If you have already done the above, you have all the wires connected to their right locations, and you don't have the battery charging or the "new" two-post ammeter showing any charge, than your one wire alternator is in need of repairs. So, it's time to tear apart the alternator and repair it. Cost is about $25-$30 dollars. You can buy the repair kit off ebay. Make sure you order the correct kit...like the photo below.

 
I joined this place not long ago. Lately I have just been browsing around in here.
Saw this thread about 6-12volt conversion.
Just gonna give my input.
My 52 8N is a 6volt.
I have had it 18yrs and am supposedly the 3rd owner.
I bought it from the original owner who took it back in on a trade for another tractor.
I change the points and plugs annually along with changing the fluids and greasing it
Regarding this 6-12 volt discussion...
My 8N is still a 6volt.
I must have a good one.
I have never had any trouble starting it....hot or cold weather
It usually cranks on the second or third time it turns over.
I have found if I turn the gas off, I will have use the choke..
People are impressed when the see this old tractor crank after turning over a few times
So I leave my gas turned on....it doesn't seem to leak out
I have read it is a no no to leave the gas turned on...
But it seems to work for me
In the 18yrs I have owned it, I have put 4 batteries in it
Sometimes I my go 3-4 months without starting it so I keep a battery tender on it
I asked the original owner when I bought it should I convert it to 12volts
He asked me why fix something if it ain't broke...

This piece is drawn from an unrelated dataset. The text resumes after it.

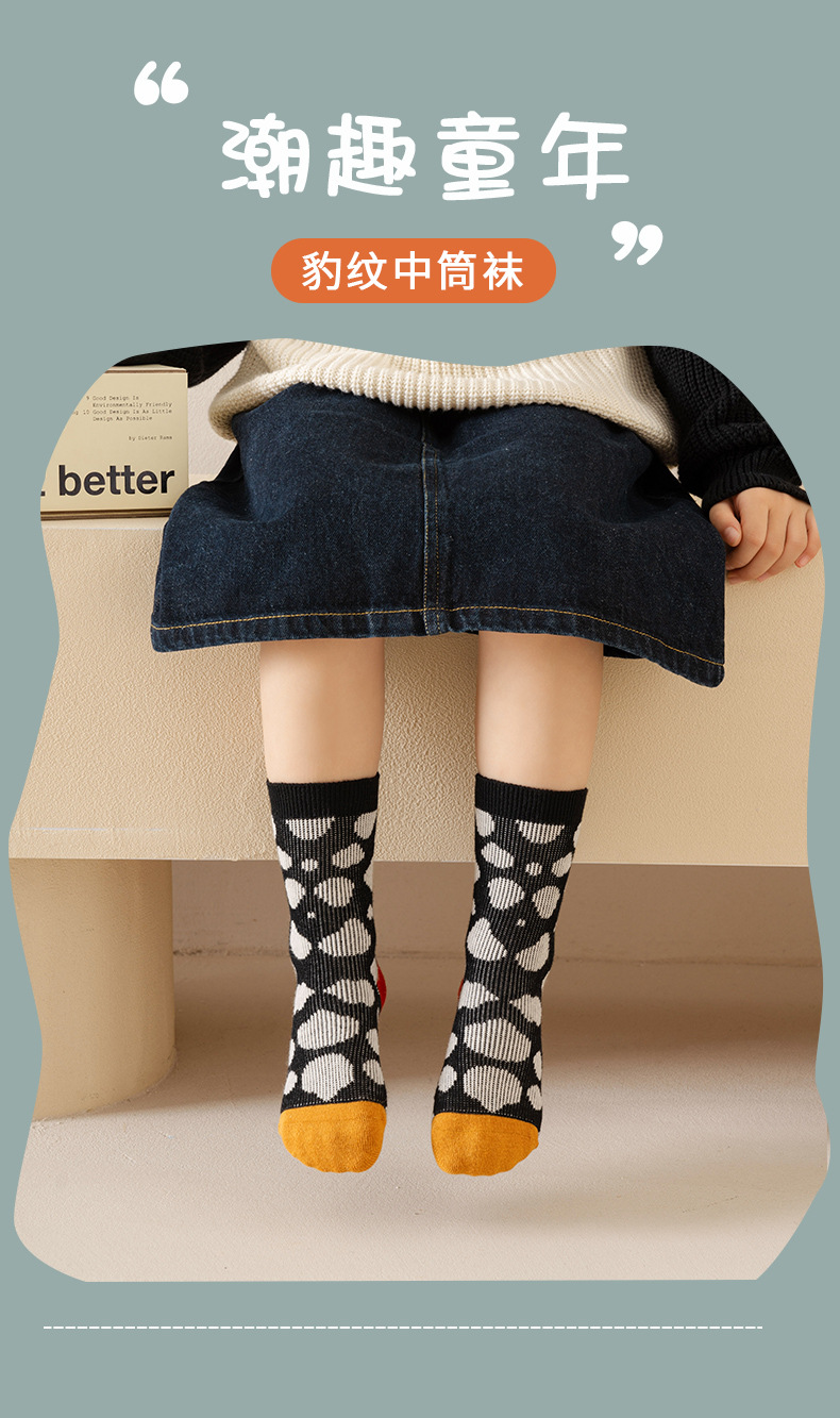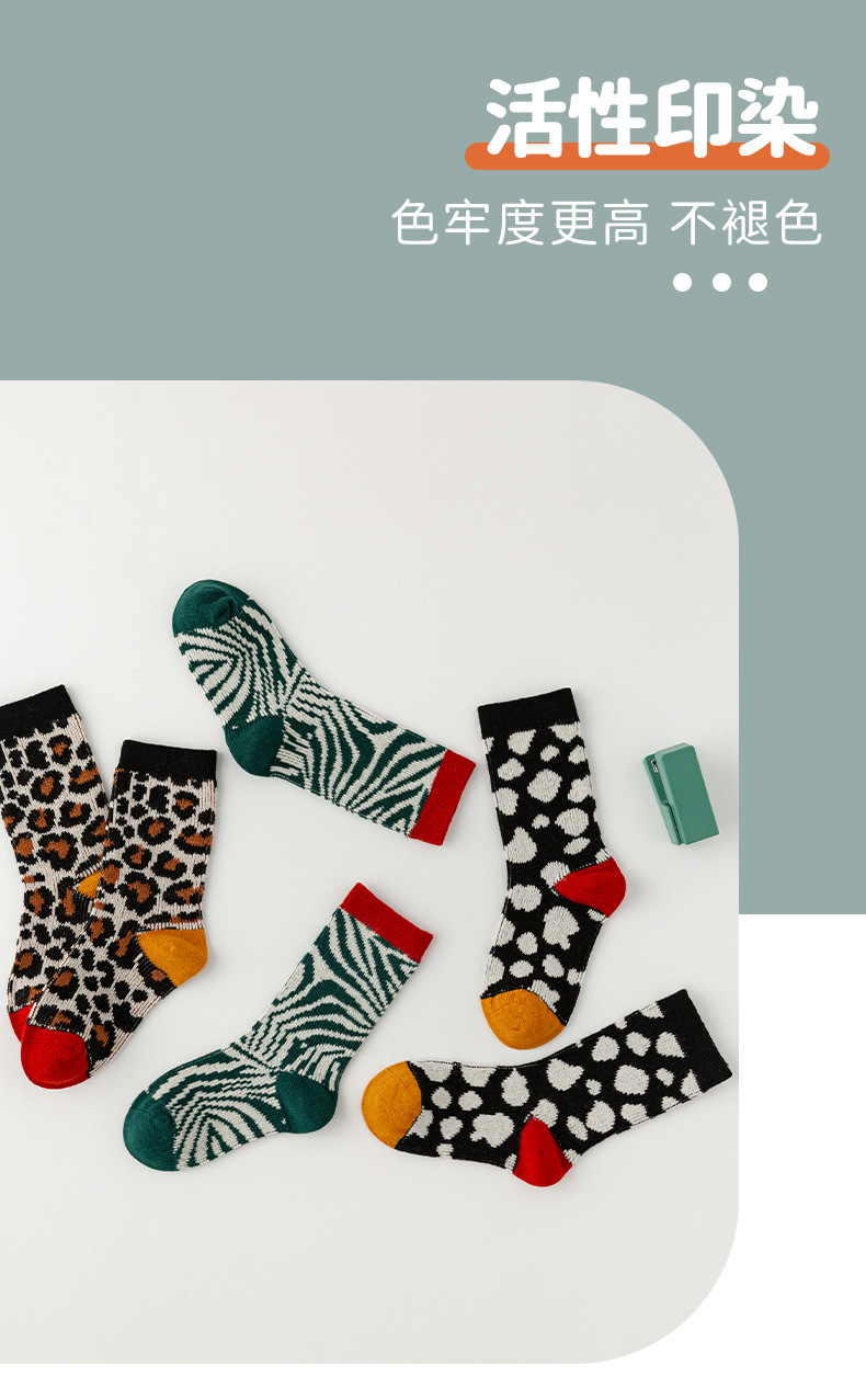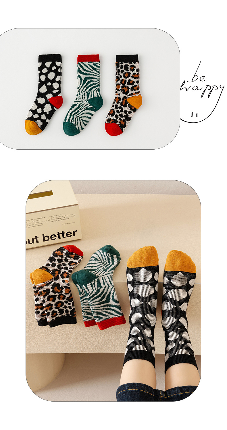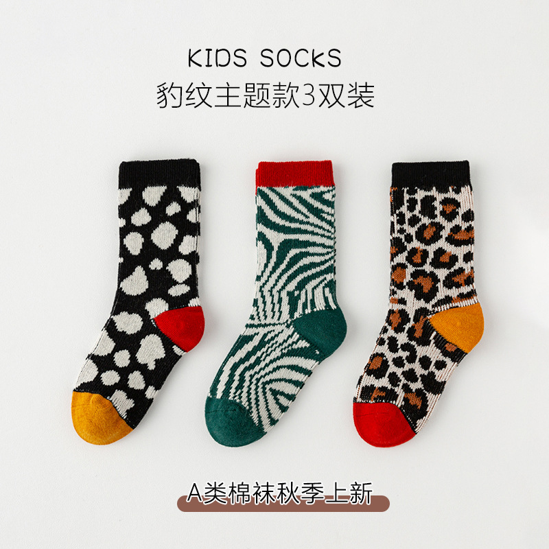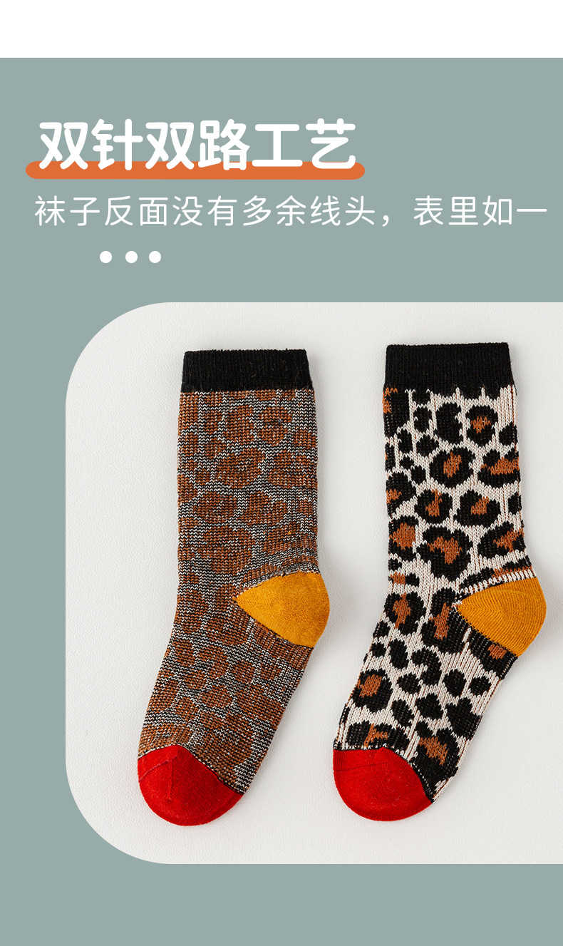 가을과 겨울 새로운 어린이 튜브 양말 간단한 복고풍 이중 바늘 더블 도로 소년과 소녀 양말 레오파드 무늬 아기 양말 도매스토어 가기

Again....I'm just speaking of my experience having left mine at 6volts
I do understand anyone's reasoning for converting to 12volts
 
I am with you. I have had my 49 almost that long, 6V and no reason to consider conversion. Have only changed points once in 15 years, though keep them adjusted. New plugs annually. Rebuilt starter couple of years ago, made a huge difference in cranking speed and starting. -10 to plow snow, starts with 3-4 revolutions.